C4 is a good product, have a look on the Gtechniq website as they give the application instructions there.


----------



## Choppy (Aug 8, 2013)

solution finish or carpro dlux are other options


----------



## Blueberry (Aug 10, 2007)

Nanolex Trim Rejuvenator is also a good one.


----------



## ALLR_155528 (May 20, 2014)

Dr Beasleys Plastic Sealant


----------



## MilesBetter (Aug 9, 2010)

I am currently using 'SONAX Xtreme Plastic Restorer Gel' and testing 'Carpro Dlux' ....another 2 options for you


----------



## MAUI (Feb 1, 2008)

MilesBetter said:


> I am currently using 'SONAX Xtreme Plastic Restorer Gel' and testing 'Carpro Dlux' ....another 2 options for you


Sonax has no durability compared to Dlux. Soulution on real faded trim is a better option.


----------



## muzzer (Feb 13, 2011)

I bought some C4 at Waxstock on a whim and used it for the first time the other day.
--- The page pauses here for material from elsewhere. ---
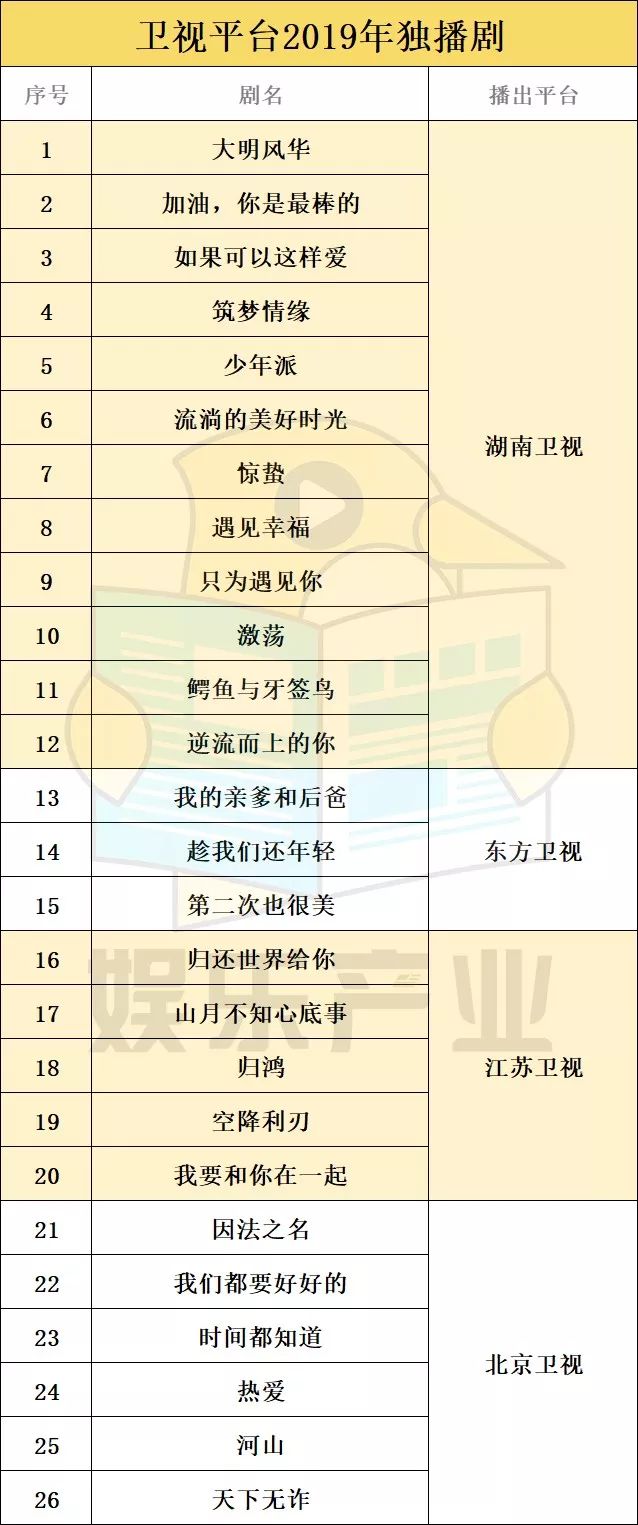 江苏卫视2019年独播剧共计5部,包括《归还世界给你》《山月不知心底事》《归鸿》《空降利刃》《我要和你在一起》;东方卫视2019年独播剧共计3部,包括《我的亲爹和后爸》《趁我们还年轻》《第二次也很美》。

It is very very good and definitely something i'd recommend although you might want to make sure the trim is properly clean first.


----------



## OvEr_KiLL (Mar 2, 2015)

if you do use c4 when you buff it, dont scrub, just do it lightly with a microfiber


----------



## Blueberry (Aug 10, 2007)

OvEr_KiLL said:


> if you do use c4 when you buff it, dont scrub, just do it lightly with a microfiber


A mistake many make with the various Gtechniq coatings.


----------



## OvEr_KiLL (Mar 2, 2015)

Blueberry said:


> A mistake many make with the various Gtechniq coatings.


yeh i know blueberry i found out the hard way lol


----------



## footfistart (Dec 2, 2013)

Carpro dlux. Cheaper and you get more of it plus it lasts just as long as c4


----------